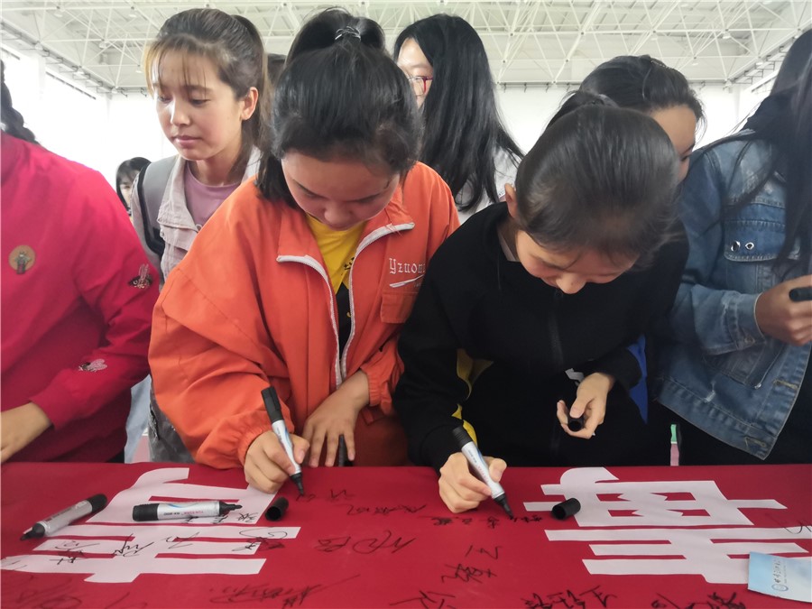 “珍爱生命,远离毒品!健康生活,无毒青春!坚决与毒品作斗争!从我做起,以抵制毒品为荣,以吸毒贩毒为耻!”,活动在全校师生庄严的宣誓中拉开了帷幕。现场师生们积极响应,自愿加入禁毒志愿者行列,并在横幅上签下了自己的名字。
=-=-=
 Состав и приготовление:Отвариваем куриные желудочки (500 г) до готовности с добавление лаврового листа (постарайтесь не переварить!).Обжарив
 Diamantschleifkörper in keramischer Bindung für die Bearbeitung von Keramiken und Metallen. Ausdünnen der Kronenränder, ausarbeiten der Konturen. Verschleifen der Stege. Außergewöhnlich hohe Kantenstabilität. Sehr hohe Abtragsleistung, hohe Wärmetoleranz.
=-=-=
> **TRY IT**: With the line holding "Состав и приготовление:Отвариваем" as the first and the line holding "Diamantschleifkörper in keramischer" as the last, please transcribe exactly the lines of the material above in that range and nothing else.

> **REPLY TO THE EXERCISE**:
 Состав и приготовление:Отвариваем куриные желудочки (500 г) до готовности с добавление лаврового листа (постарайтесь не переварить!).Обжарив
 Diamantschleifkörper in keramischer Bindung für die Bearbeitung von Keramiken und Metallen. Ausdünnen der Kronenränder, ausarbeiten der Konturen. Verschleifen der Stege. Außergewöhnlich hohe Kantenstabilität. Sehr hohe Abtragsleistung, hohe Wärmetoleranz.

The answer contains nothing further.